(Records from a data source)
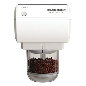 Black & Decker CG800 Spacemaker Traditional Mini Food Processor and Coffee Grinder, White: Kitchen & Dining. Best of all, the appliance provides a space-saving design that can easily be mounted under a cabinet to maintain maximum workspace on the counter. A nice addition to any busy kitchen, this two-in-one appliance functions as both a mini food processor and a coffee grinder. To use, simply add coffee beans to the transparent plastic container with the metal bottom, secure it in place, and press the power button to set the durable stainless-steel blade spinning. Coffee beans grind to an even consistency that helps ensure fresh, flavorful coffee. For food processing, the unit comes with a separate transparent plastic container with a rubberized lid and a blade for chopping. Use the mini food processor to chop up nuts, to dice onions and green pepper to toss into a salad or onto a pizza, or to grind up flax seeds for mixing into muffins or as an egg-substitute when baking. The machine's pulse-control button makes it possible to get fast, accurate results every time. A lid comes included for storing food in the refrigerator, and the two containers and blades remove for convenient cleaning.
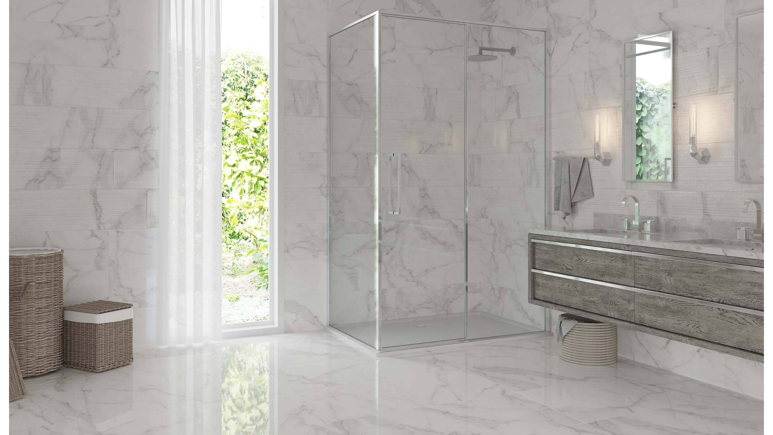 В интерьере выигрышно смотрится керамогранит Estima. Материал имитирует мрамор, паркет, состаренное дерево, яркую керамическую плитку. Ниже будут рассмотрены варианты оформления ванной комнаты с применением коллекций Estima.
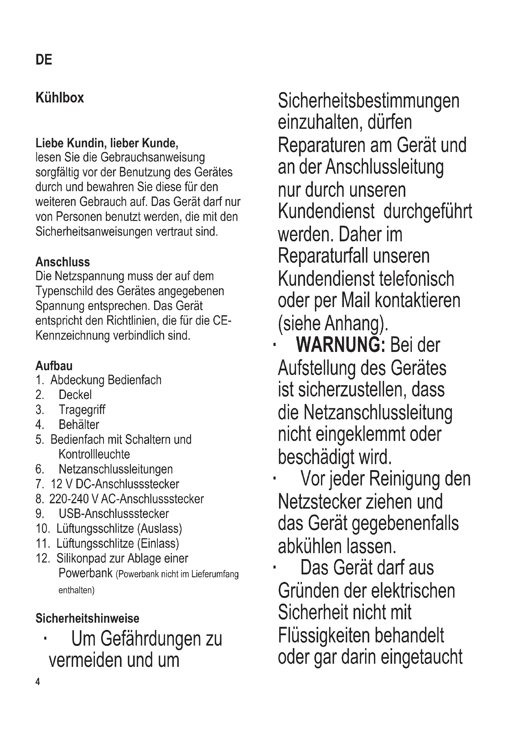 104 x 142 mm Kühlbox Liebe Kundin, lieber Kunde, lesen Sie die Gebrauchsanweisung sorgfältig vor der Benutzung des Gerätes durch und bewahren Sie diese für den weiteren Gebrauch auf. Das Gerät darf nur von Personen benutzt werden, die mit den Sicherheitsanweisungen vertraut sind. Anschluss Die Netzspannung muss der auf dem Typenschild des Gerätes angegebenen Spannung entsprechen. Das Gerät entspricht den Richtlinien, die für die CE- Kennzeichnung verbindlich sind. Aufbau
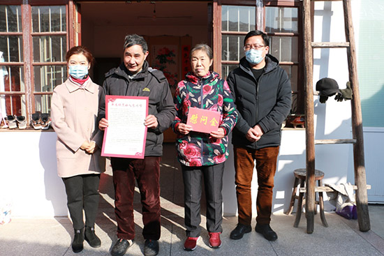2021年2月4日,天长市委常委、宣传部长朱慧琳(左一)慰问滁州好人刘月香(右二)。天长市委宣传部供图
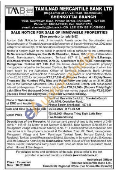 Description of the Property: All that part and parcel of land to the extent of 3.66 cents 148.48 Sq Meter in old Natham S.No 653. New Natham S.No.653/42 at Melagaram Village with a house bearing D.No. 11. Electric and Water connection and one latrine is in the property, located at Courtallam Road, 8th Ward, nannagaram, Melagaram Village and Town Panchayat Tenkasi Taluk, Tenkasi District, Sub Registrar, Tenkasi Joint II Registration District. Standing in the name of Mrs. S. Kanaga W/o Mr.Saravana Karthikeyan. Boundaries: North. House of Peer Muhammed and others, South: Pandrimada samy Kovil, East: Shop of Olibal and Coutrailam Road, West: House of Shenbagam
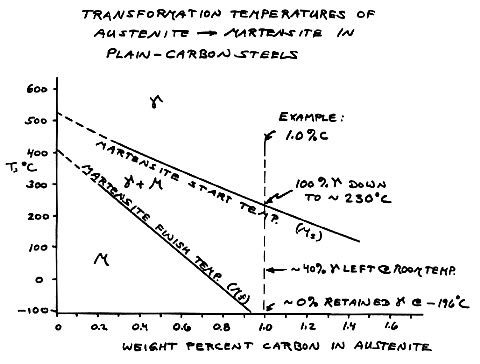 In the Q&T of carbon steels, such as my favorite 4130, I understand that the it is best to quench such that you have arrived at a full martensite structure and then the martensite is tempered to the desired hardness. BUT what is the result if we do not arrive at the full martensite condition? How will the remaining austenite effect acheiveable strength, hardness, ductility and toughness?
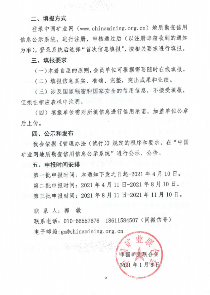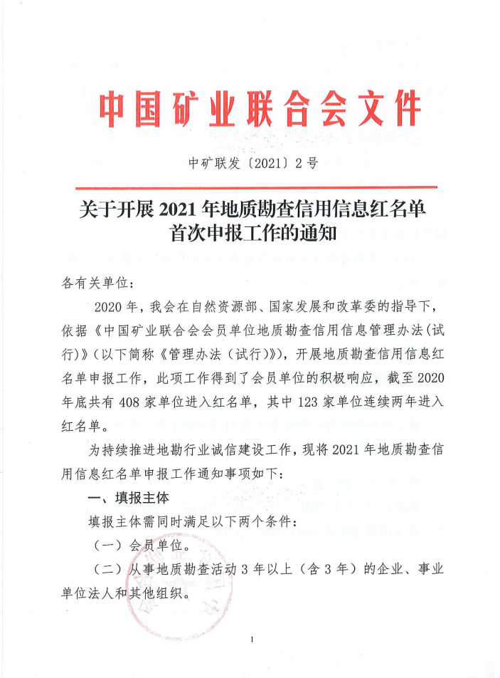 關於開展2021年地質勘查信用信息紅名單首次申報工作的通知
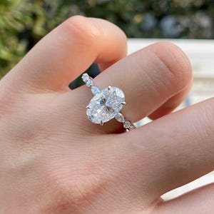 Oval Cut Moissanite Engagement Ring Hidden Halo 14k Rose Gold Pave Band Delicate Bridal Promise Lab Grown Diamond Stunning Ring For Her
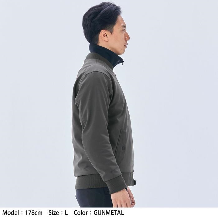 プロテクター内蔵のアウターと保温力をもつ中綿入りインナージャケットの二重構造で、気温やシーンに合わせてそれぞれ単体や組み合わせた着用が可能です。インナージャケットの首元リブには防風フィルムをインサートし、走行中はハイネックスタイルで風の侵入を抑え、降車後は襟を寝かせた着こなしで、それぞれ違ったスタイリングを楽しめます。
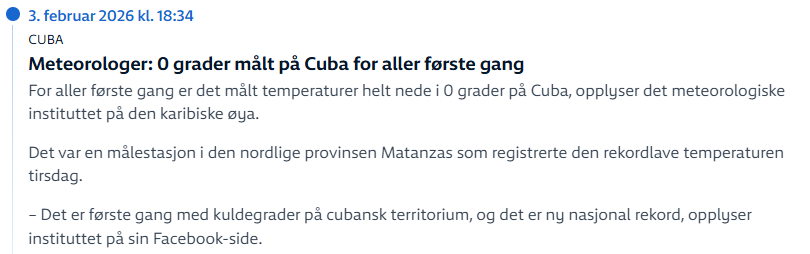 Det er ikke et scoop i det hele tatt, NRK stod på i bakgrunnen mens jeg skrev innlegget om Cubas kulderekord; første gang det er registrert 0 grader på Cuba, noe som burde vært nyheter gitt situasjonen på Cuba.
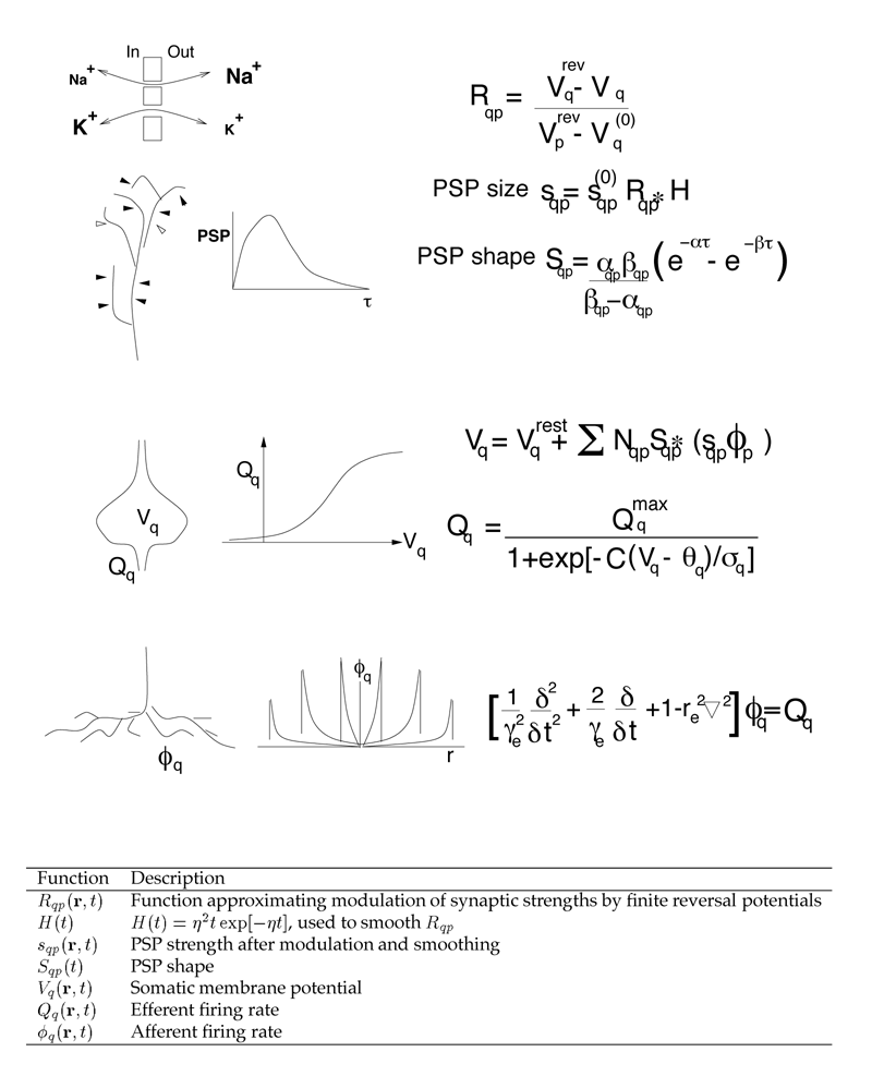 Basic physiological and mathematical considerations, and descriptions of symbols. The subscripts p and q are used to indicate interactions, and may be specified as occuring between excitatory (e) or inhibitory (i) cells by substitution for q,p. The superscript (o) indicates a parameter value is determined at the reference potential. The vector r indicates cortical position, and t is time.

__WORK TASK__
Where a record holds a picture, leave the picture out and restate the rest word for word.

__OUTPUT BELOW__
 Black & Decker CG800 Spacemaker Traditional Mini Food Processor and Coffee Grinder, White: Kitchen & Dining. Best of all, the appliance provides a space-saving design that can easily be mounted under a cabinet to maintain maximum workspace on the counter. A nice addition to any busy kitchen, this two-in-one appliance functions as both a mini food processor and a coffee grinder. To use, simply add coffee beans to the transparent plastic container with the metal bottom, secure it in place, and press the power button to set the durable stainless-steel blade spinning. Coffee beans grind to an even consistency that helps ensure fresh, flavorful coffee. For food processing, the unit comes with a separate transparent plastic container with a rubberized lid and a blade for chopping. Use the mini food processor to chop up nuts, to dice onions and green pepper to toss into a salad or onto a pizza, or to grind up flax seeds for mixing into muffins or as an egg-substitute when baking. The machine's pulse-control button makes it possible to get fast, accurate results every time. A lid comes included for storing food in the refrigerator, and the two containers and blades remove for convenient cleaning.
 В интерьере выигрышно смотрится керамогранит Estima. Материал имитирует мрамор, паркет, состаренное дерево, яркую керамическую плитку. Ниже будут рассмотрены варианты оформления ванной комнаты с применением коллекций Estima.
 104 x 142 mm Kühlbox Liebe Kundin, lieber Kunde, lesen Sie die Gebrauchsanweisung sorgfältig vor der Benutzung des Gerätes durch und bewahren Sie diese für den weiteren Gebrauch auf. Das Gerät darf nur von Personen benutzt werden, die mit den Sicherheitsanweisungen vertraut sind. Anschluss Die Netzspannung muss der auf dem Typenschild des Gerätes angegebenen Spannung entsprechen. Das Gerät entspricht den Richtlinien, die für die CE- Kennzeichnung verbindlich sind. Aufbau
2021年2月4日,天长市委常委、宣传部长朱慧琳(左一)慰问滁州好人刘月香(右二)。天长市委宣传部供图
 Description of the Property: All that part and parcel of land to the extent of 3.66 cents 148.48 Sq Meter in old Natham S.No 653. New Natham S.No.653/42 at Melagaram Village with a house bearing D.No. 11. Electric and Water connection and one latrine is in the property, located at Courtallam Road, 8th Ward, nannagaram, Melagaram Village and Town Panchayat Tenkasi Taluk, Tenkasi District, Sub Registrar, Tenkasi Joint II Registration District. Standing in the name of Mrs. S. Kanaga W/o Mr.Saravana Karthikeyan. Boundaries: North. House of Peer Muhammed and others, South: Pandrimada samy Kovil, East: Shop of Olibal and Coutrailam Road, West: House of Shenbagam
 In the Q&T of carbon steels, such as my favorite 4130, I understand that the it is best to quench such that you have arrived at a full martensite structure and then the martensite is tempered to the desired hardness. BUT what is the result if we do not arrive at the full martensite condition? How will the remaining austenite effect acheiveable strength, hardness, ductility and toughness?
 關於開展2021年地質勘查信用信息紅名單首次申報工作的通知
 Oval Cut Moissanite Engagement Ring Hidden Halo 14k Rose Gold Pave Band Delicate Bridal Promise Lab Grown Diamond Stunning Ring For Her
 プロテクター内蔵のアウターと保温力をもつ中綿入りインナージャケットの二重構造で、気温やシーンに合わせてそれぞれ単体や組み合わせた着用が可能です。インナージャケットの首元リブには防風フィルムをインサートし、走行中はハイネックスタイルで風の侵入を抑え、降車後は襟を寝かせた着こなしで、それぞれ違ったスタイリングを楽しめます。
 Det er ikke et scoop i det hele tatt, NRK stod på i bakgrunnen mens jeg skrev innlegget om Cubas kulderekord; første gang det er registrert 0 grader på Cuba, noe som burde vært nyheter gitt situasjonen på Cuba.
 Basic physiological and mathematical considerations, and descriptions of symbols. The subscripts p and q are used to indicate interactions, and may be specified as occuring between excitatory (e) or inhibitory (i) cells by substitution for q,p. The superscript (o) indicates a parameter value is determined at the reference potential. The vector r indicates cortical position, and t is time.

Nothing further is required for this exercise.